What is needed: The output is the line containing "4.哇,面团发得很好,2倍大" plus every later line down to the end of the listing below, copied exactly. No pictures belong in it.

Given information:
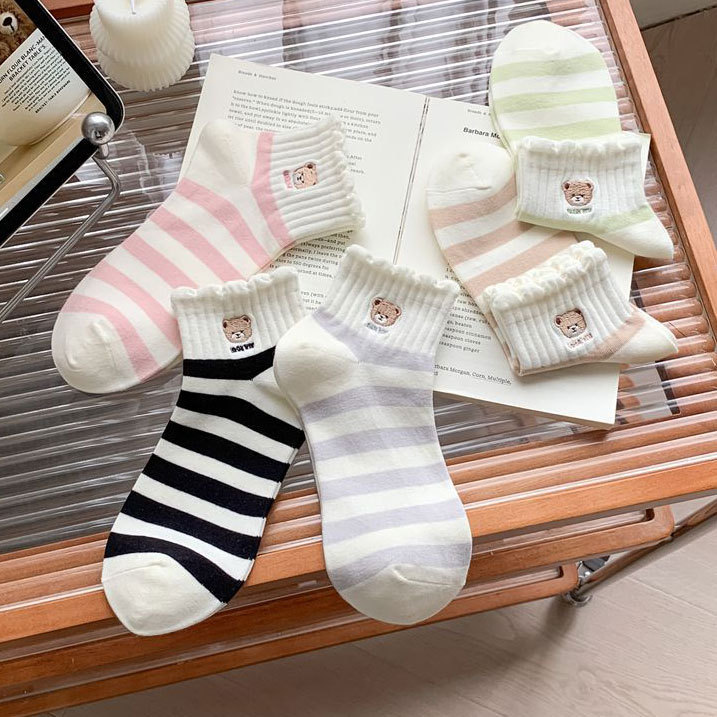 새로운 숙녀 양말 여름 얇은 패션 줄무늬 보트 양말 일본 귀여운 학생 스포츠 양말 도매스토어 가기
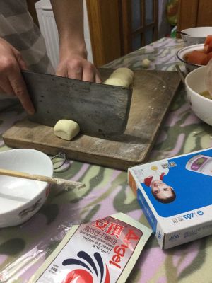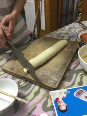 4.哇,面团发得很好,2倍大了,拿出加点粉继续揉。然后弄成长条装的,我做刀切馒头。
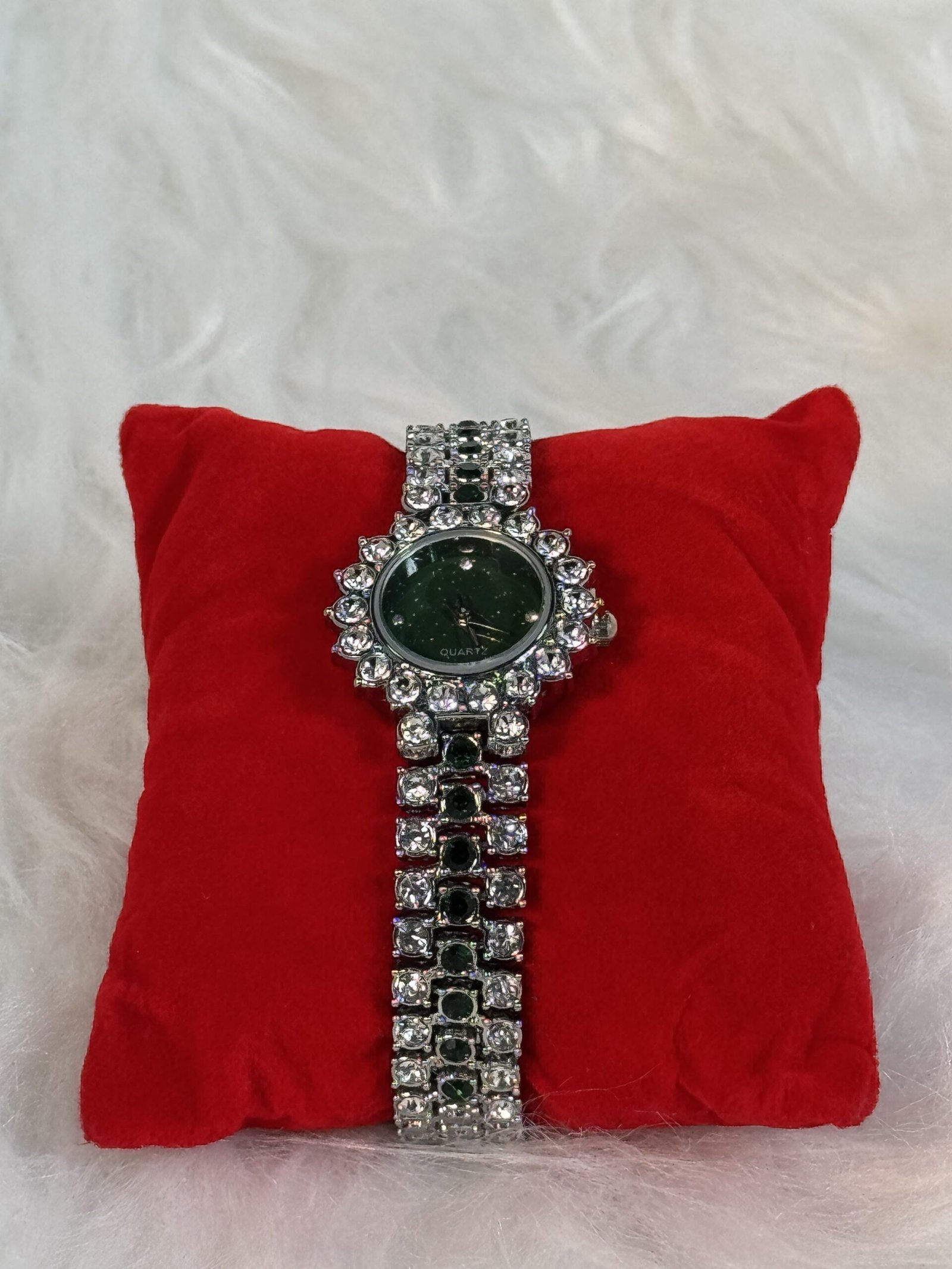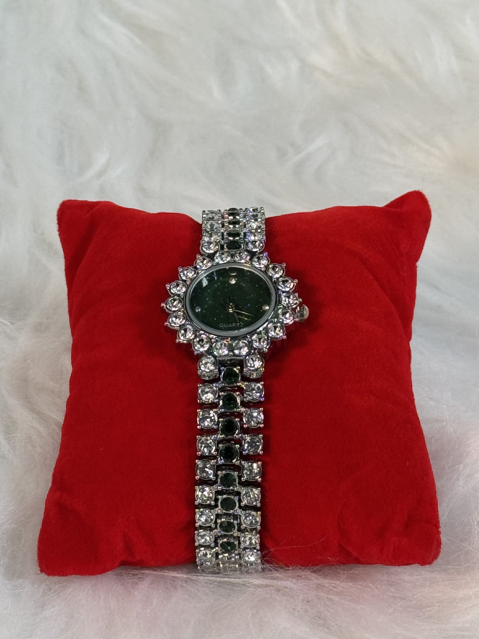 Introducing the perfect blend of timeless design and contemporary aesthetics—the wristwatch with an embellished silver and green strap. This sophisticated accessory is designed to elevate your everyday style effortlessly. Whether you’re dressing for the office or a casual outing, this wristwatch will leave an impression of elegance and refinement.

Your solution:
 4.哇,面团发得很好,2倍大了,拿出加点粉继续揉。然后弄成长条装的,我做刀切馒头。
 Introducing the perfect blend of timeless design and contemporary aesthetics—the wristwatch with an embellished silver and green strap. This sophisticated accessory is designed to elevate your everyday style effortlessly. Whether you’re dressing for the office or a casual outing, this wristwatch will leave an impression of elegance and refinement.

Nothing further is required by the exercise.